(Beginning of Extracted information)

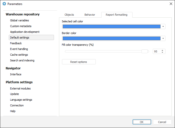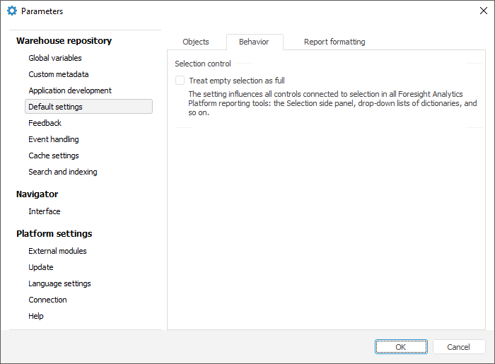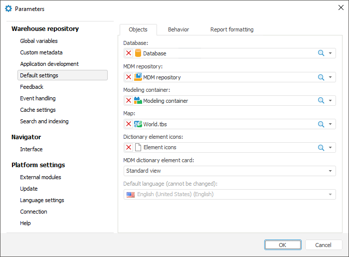 Default repository settings can be used to set objects, object behavior, formatting of selected table elements in Foresight Analytics Platform tools with no need for their repeated selection or setup. For example, a default map will be used in all reports.
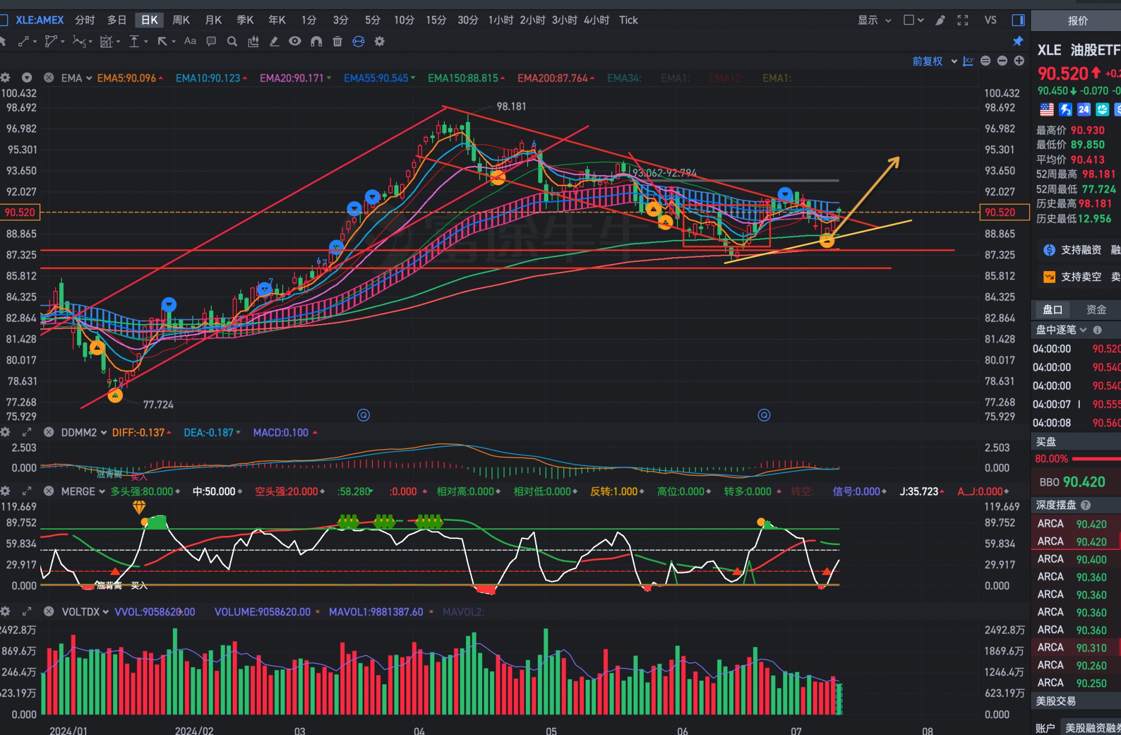 It broke through the consolidation wedge very strongly. The rally has just begun here, and we continue to be bullish. After breaking through 94, it could reach near 107.
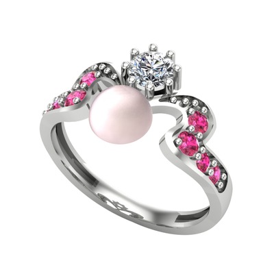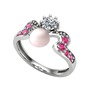 Pembe inci, beyaz zirkon ve rodolit garnet 14 ayar beyaz altın yüzük
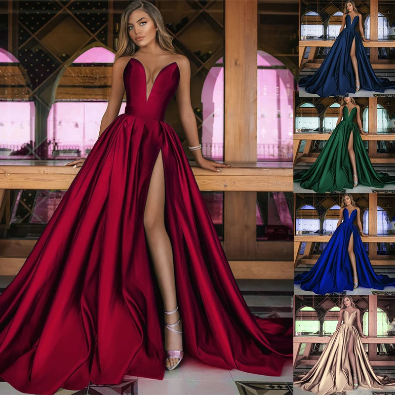 Женское длинное платье без бретелек, красное, синее, золотое, зеленое платье с глубоким V-образным вырезом в винтажном стиле, для свадьбы, вечеринки, 2021
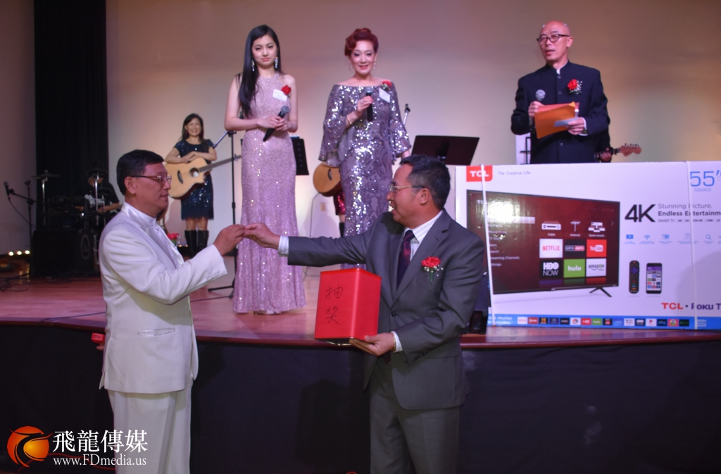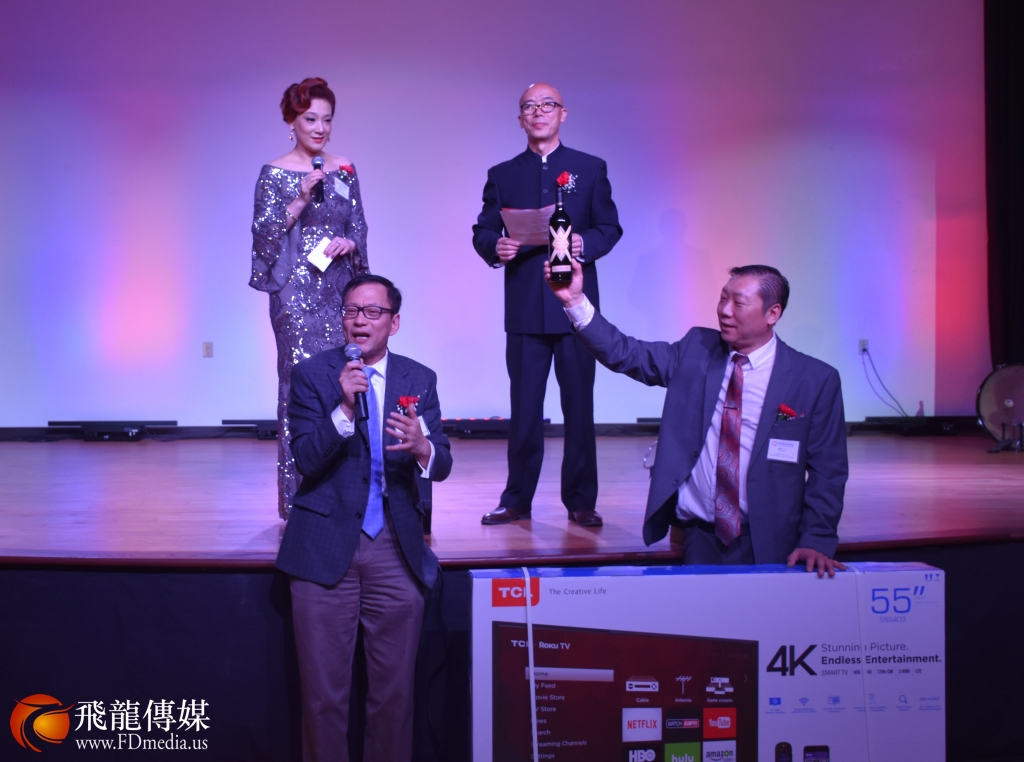 亚商会前会长 赵紫鋆(右)为活动抽当晚最大的奖55寸彩色电视。
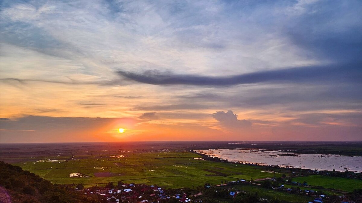 - Театр одного зрителя. Пном Кром возвышается над плоским ландшафтом на 140 метров. Это создает эффект амфитеатра: ничто не перекрывает горизонт на 360 градусов.
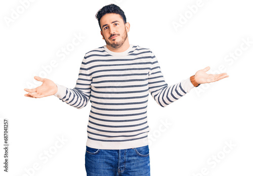 Young hispanic man wearing casual clothes clueless and confused with open arms, no idea concept.
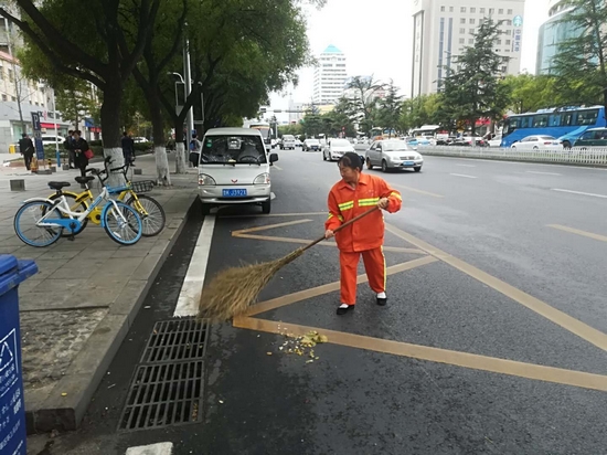 她記得要來環衛局上班的時候,衛生保潔隊隊長說過的一句話,就是“要做好一年365天不能歇的準備才能干環衛”,就是這一句話,開始了她酸甜苦辣的環衛人生。她負責的這段路,人多、車多、廢棄物多,一天幾乎不能有任何閑暇時間。最苦最累的時候是夏天,大量的國槐花開過之后飄落到人行道板上,像一層薄薄的雪花,需要不停地來來回回清掃,如果不及時清掃,路人將國槐花踩碎后就將人行道板污染。
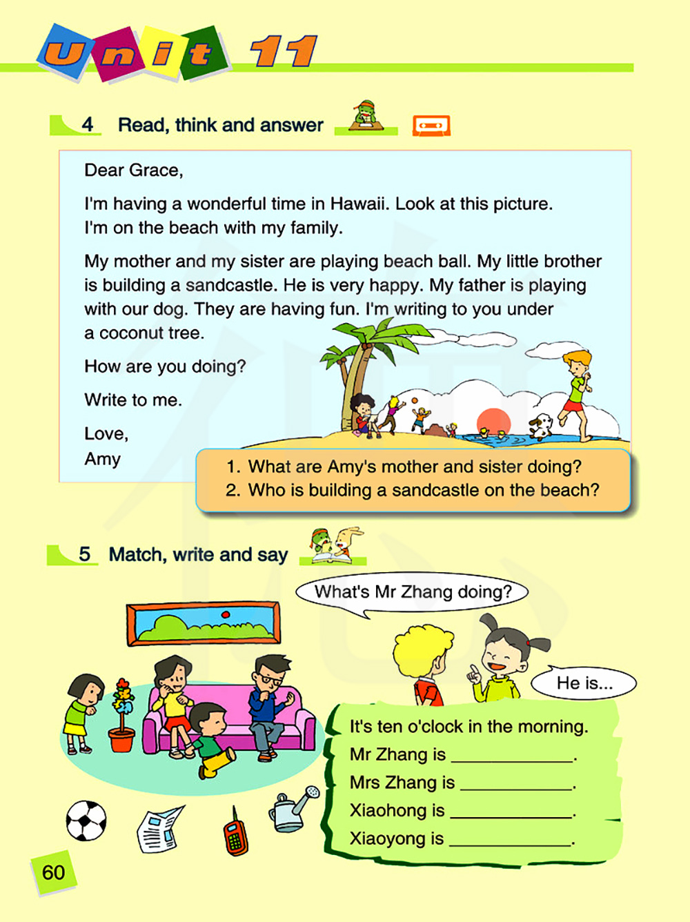 我的妈妈和妹妹在玩儿沙滩球。我的弟弟在搭沙堡。他很高兴。我的爸爸和我们的狗在玩儿。他们玩得很开心。我正在椰子树下给你写信。
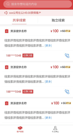 线索一键搜索,输入关键词的话即可快速的找到与之相关的全部客户线索资源;
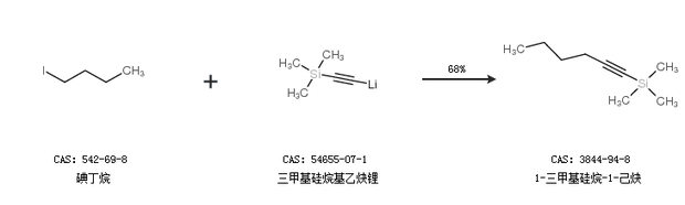 1.通过碘丁烷和三甲基硅烷基乙炔锂合成1-三甲基硅烷-1-己炔,收率约68%;
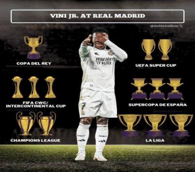 才24维尼修斯6年半皇马生涯已夺14冠,能否破魔笛28冠纪录
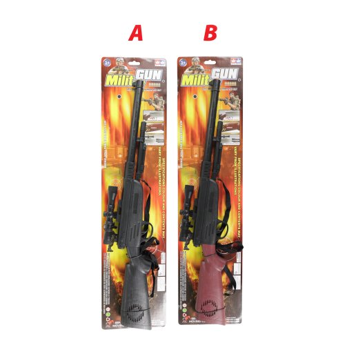 Senzační vojenská puška nesmí ve tvé sbírce chybět! Po stisknutí spouště vydává puška zvuk. Puška je dlouhá cca 68 cm. Senzace!

(End of Extracted information)

Your objective:
In your copy, include no pictures and only the lines from the line with "线索一键搜索,输入关键词的话即可快速的找到与之相关的全部客户线索资源;" through the final line of the listing above, reproduced exactly.

Reply to the exercise:
 线索一键搜索,输入关键词的话即可快速的找到与之相关的全部客户线索资源;
 1.通过碘丁烷和三甲基硅烷基乙炔锂合成1-三甲基硅烷-1-己炔,收率约68%;
 才24维尼修斯6年半皇马生涯已夺14冠,能否破魔笛28冠纪录
 Senzační vojenská puška nesmí ve tvé sbírce chybět! Po stisknutí spouště vydává puška zvuk. Puška je dlouhá cca 68 cm. Senzace!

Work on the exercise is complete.